Sintiendome casi insultada por mi mediocridad de seguirte pensando, tomé bruscamente a Cortazar de mi escritorio y lo obligué a llevarme al Pont Des Arts, a pensar en alguien más. Pero ni él lo logró. Ya estabas dentro. Una de las miles maneras que tienes de meterte en mí es, precisamente, esta. La del recuerdo. Eres como el fantasma del padre de Hamlet. O como Tom Riddle. Te aseguraste de quedarte adherido a mis necesidades antes de romperme en mil pedazos.

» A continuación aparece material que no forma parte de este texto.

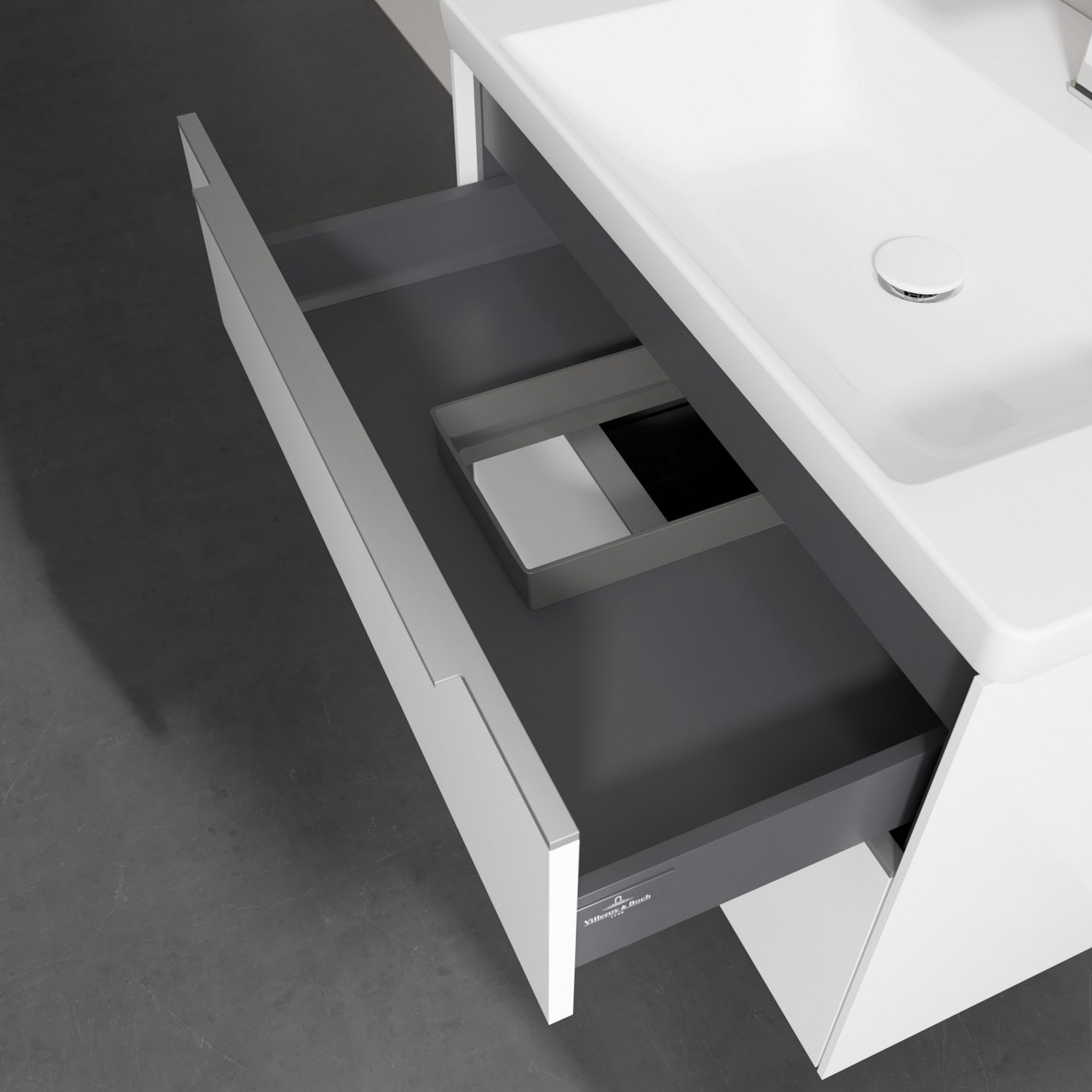 - kein Umfallen oder Verrutschen von Pflegeprodukten in den Schubladen dank rutschhemmendem Boden

Sólo para atormentarme aún en tu ausencia. Sabes lo mucho que odio depender de las personas. Igual que sabes cómo amo ir al cine sola por decisión propia y cómo detesto que la gente lleve a sus niños chillones a las películas subtituladas. Y te burlas de mi mal genio. Aun lo haces.

Las marcas que dejaste en mi piel parecen resaltar más cuando menos quiero notarlas. La cicatriz de tu cigarro en mi mano derecha, justo en el dedo medio. Porque siempre tú tan despistado. Tan torpe y tan tímido. Haciendo imposible si quiera sospechar de tus intensiones más bien de rellenar espacios vacíos. Manías. Vicios. Las cicatrices en tu espalda. Las cicatrices en tus brazos. Las cicatrices en tu pasado. Esas especialmente. Tan complejas, fascinantes y contagiosas. Como un virus. Ese virus que terminaste siendo tú.

Finalmente mi adicción a la cafeína se hizo cargo del asunto y me llevó hasta la cocina. El aroma a café mezclado con tabaco se sentía tan cálido, tan familiar, tan tú. Y así mis ojos dieron vida a una lágrima.

Quise culpar al cansancio y al hambre. Presentes, pero inadvertidos. La alacena, vacía desde hacía más de dos semanas, era mi perfecta cuartada. Mi ropa más grande me recordaba diariamente que debía comer. Pero no lo hacía. Y mis ojeras suplían a la sonrisa que llevaba puesta mucho tiempo atrás.

Y ahí de pie, con la mente en blanco mientras el miedo, la rabia, la felicidad y sobre todo el orgullo giraban, estaba yo. Una sensación muy similar al odio explotó desde mi pecho. Y dolía. Dolía en serio. Me sofocaba. Grité. Y la oscuridad reinó en el mundo de los pendejos.